#### What the exercise asks:
For each line of the data below, copy it if it holds the word "Road".

#### Source records:
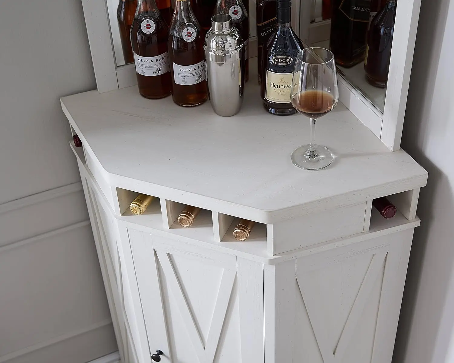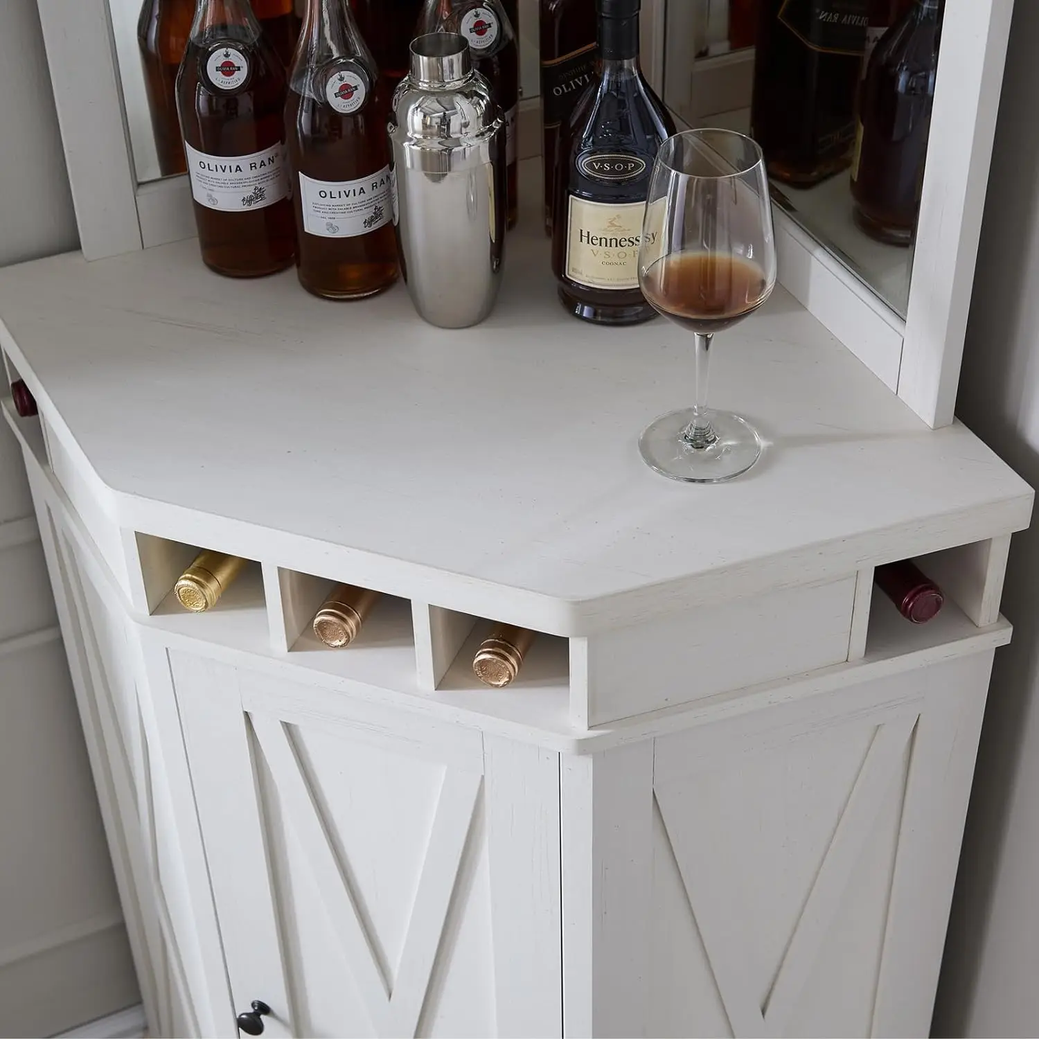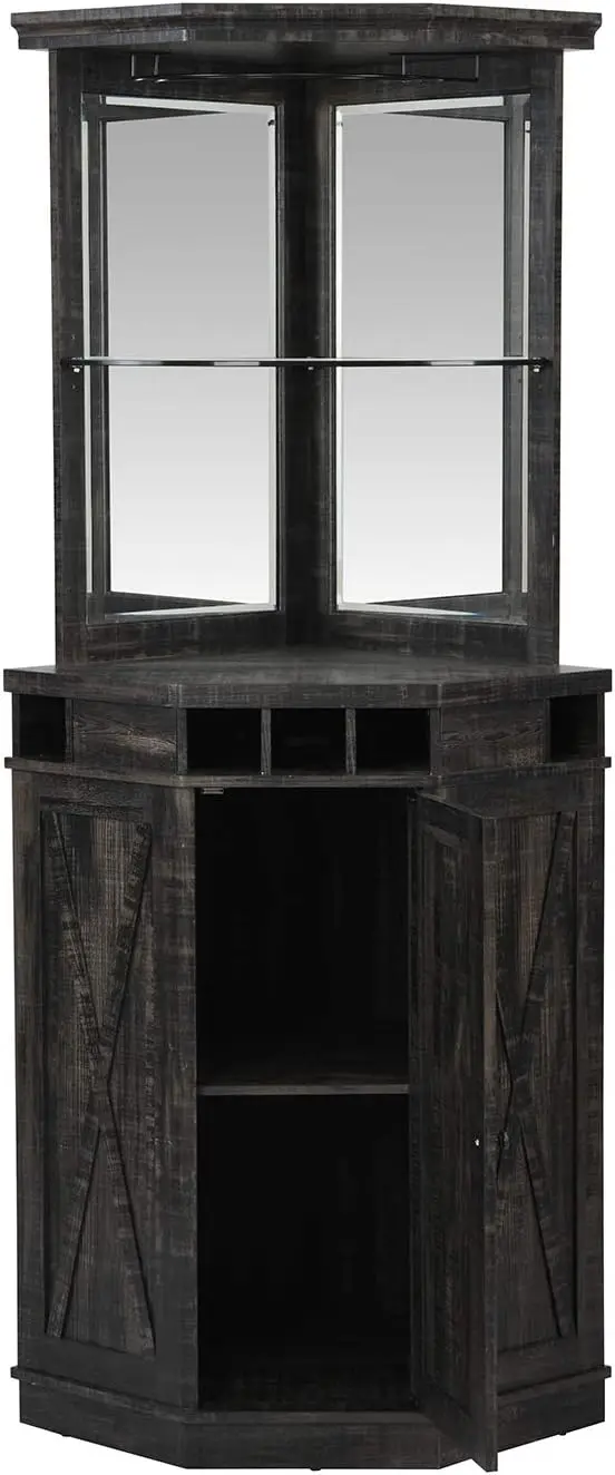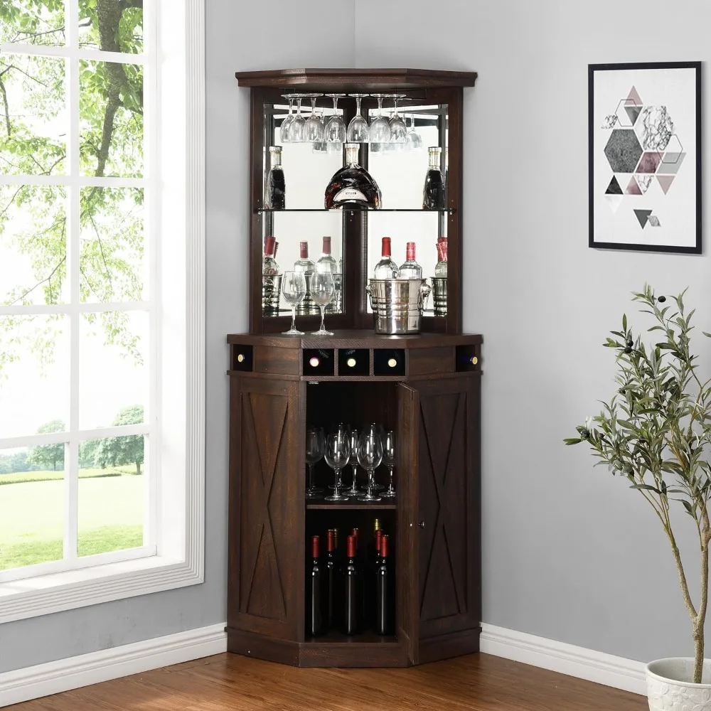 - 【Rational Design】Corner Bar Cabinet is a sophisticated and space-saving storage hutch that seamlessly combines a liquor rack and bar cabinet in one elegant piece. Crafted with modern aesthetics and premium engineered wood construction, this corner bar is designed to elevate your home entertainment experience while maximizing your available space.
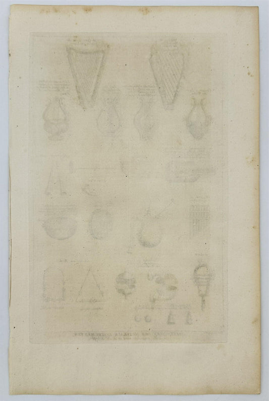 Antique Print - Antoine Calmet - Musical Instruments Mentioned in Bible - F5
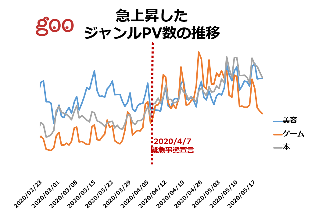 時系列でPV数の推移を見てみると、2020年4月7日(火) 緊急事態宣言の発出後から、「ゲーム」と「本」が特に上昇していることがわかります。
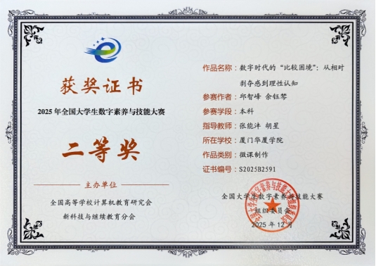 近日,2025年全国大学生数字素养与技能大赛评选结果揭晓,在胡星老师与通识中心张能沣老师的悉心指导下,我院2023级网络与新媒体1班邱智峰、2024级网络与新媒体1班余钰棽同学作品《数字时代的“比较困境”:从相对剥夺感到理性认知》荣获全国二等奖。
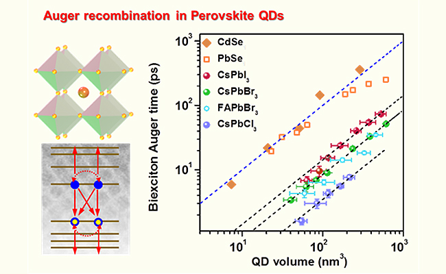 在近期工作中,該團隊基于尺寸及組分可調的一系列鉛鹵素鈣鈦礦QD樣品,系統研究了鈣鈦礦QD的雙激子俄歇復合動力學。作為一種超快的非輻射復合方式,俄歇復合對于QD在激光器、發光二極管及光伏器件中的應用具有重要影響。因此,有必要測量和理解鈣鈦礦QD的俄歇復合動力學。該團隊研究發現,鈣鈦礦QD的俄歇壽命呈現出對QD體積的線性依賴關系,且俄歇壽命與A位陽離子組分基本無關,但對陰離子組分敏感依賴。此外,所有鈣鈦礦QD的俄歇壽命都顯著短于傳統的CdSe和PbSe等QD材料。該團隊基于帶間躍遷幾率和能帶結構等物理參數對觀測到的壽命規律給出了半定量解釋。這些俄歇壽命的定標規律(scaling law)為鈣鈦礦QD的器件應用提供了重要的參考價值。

...

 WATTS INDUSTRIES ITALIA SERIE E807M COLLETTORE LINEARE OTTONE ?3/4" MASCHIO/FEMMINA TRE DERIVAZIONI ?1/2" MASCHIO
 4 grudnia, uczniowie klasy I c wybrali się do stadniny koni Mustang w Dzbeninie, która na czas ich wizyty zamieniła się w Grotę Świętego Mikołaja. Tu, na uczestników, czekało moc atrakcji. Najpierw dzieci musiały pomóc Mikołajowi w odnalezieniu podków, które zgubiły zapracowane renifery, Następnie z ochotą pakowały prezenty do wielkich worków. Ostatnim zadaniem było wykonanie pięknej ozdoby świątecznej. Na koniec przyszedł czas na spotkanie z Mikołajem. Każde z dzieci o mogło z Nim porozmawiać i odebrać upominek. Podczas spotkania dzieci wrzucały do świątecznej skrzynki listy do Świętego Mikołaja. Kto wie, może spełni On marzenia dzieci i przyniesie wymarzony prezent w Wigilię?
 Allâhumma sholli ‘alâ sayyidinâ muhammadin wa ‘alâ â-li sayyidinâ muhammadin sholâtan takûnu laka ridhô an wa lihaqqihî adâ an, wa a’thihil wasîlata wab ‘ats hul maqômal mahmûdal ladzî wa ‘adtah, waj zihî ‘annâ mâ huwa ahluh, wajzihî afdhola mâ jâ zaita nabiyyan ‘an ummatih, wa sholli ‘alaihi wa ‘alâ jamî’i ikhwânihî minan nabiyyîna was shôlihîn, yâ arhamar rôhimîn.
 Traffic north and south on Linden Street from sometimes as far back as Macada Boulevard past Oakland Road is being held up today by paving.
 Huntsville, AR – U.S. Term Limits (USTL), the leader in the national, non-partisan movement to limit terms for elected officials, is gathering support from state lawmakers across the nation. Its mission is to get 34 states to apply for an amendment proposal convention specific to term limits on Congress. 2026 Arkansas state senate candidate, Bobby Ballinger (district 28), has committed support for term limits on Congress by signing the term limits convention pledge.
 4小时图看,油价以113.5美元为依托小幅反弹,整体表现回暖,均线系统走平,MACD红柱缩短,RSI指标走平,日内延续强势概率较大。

==

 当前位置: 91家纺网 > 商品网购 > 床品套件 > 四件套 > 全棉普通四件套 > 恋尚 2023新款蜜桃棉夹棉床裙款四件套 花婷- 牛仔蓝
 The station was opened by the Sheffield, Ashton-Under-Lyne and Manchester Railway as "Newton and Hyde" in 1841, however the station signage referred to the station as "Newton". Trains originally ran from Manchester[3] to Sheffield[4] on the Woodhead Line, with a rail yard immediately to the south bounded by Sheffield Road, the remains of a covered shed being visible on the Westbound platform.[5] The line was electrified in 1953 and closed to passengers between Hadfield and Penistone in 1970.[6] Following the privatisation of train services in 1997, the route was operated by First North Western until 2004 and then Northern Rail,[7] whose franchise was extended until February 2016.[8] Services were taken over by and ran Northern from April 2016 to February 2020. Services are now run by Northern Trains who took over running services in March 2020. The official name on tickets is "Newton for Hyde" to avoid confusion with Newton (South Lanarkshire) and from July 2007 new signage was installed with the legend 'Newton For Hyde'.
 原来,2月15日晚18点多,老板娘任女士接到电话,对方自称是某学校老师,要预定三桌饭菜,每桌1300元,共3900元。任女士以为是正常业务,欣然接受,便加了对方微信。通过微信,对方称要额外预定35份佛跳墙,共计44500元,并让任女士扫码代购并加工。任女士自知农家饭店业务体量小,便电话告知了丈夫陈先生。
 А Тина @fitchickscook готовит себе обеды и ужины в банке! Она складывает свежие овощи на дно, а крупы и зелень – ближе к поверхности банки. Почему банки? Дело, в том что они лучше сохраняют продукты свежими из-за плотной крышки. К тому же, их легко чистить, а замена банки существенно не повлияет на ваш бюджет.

#### Solution below:
 Traffic north and south on Linden Street from sometimes as far back as Macada Boulevard past Oakland Road is being held up today by paving.
 The station was opened by the Sheffield, Ashton-Under-Lyne and Manchester Railway as "Newton and Hyde" in 1841, however the station signage referred to the station as "Newton". Trains originally ran from Manchester[3] to Sheffield[4] on the Woodhead Line, with a rail yard immediately to the south bounded by Sheffield Road, the remains of a covered shed being visible on the Westbound platform.[5] The line was electrified in 1953 and closed to passengers between Hadfield and Penistone in 1970.[6] Following the privatisation of train services in 1997, the route was operated by First North Western until 2004 and then Northern Rail,[7] whose franchise was extended until February 2016.[8] Services were taken over by and ran Northern from April 2016 to February 2020. Services are now run by Northern Trains who took over running services in March 2020. The official name on tickets is "Newton for Hyde" to avoid confusion with Newton (South Lanarkshire) and from July 2007 new signage was installed with the legend 'Newton For Hyde'.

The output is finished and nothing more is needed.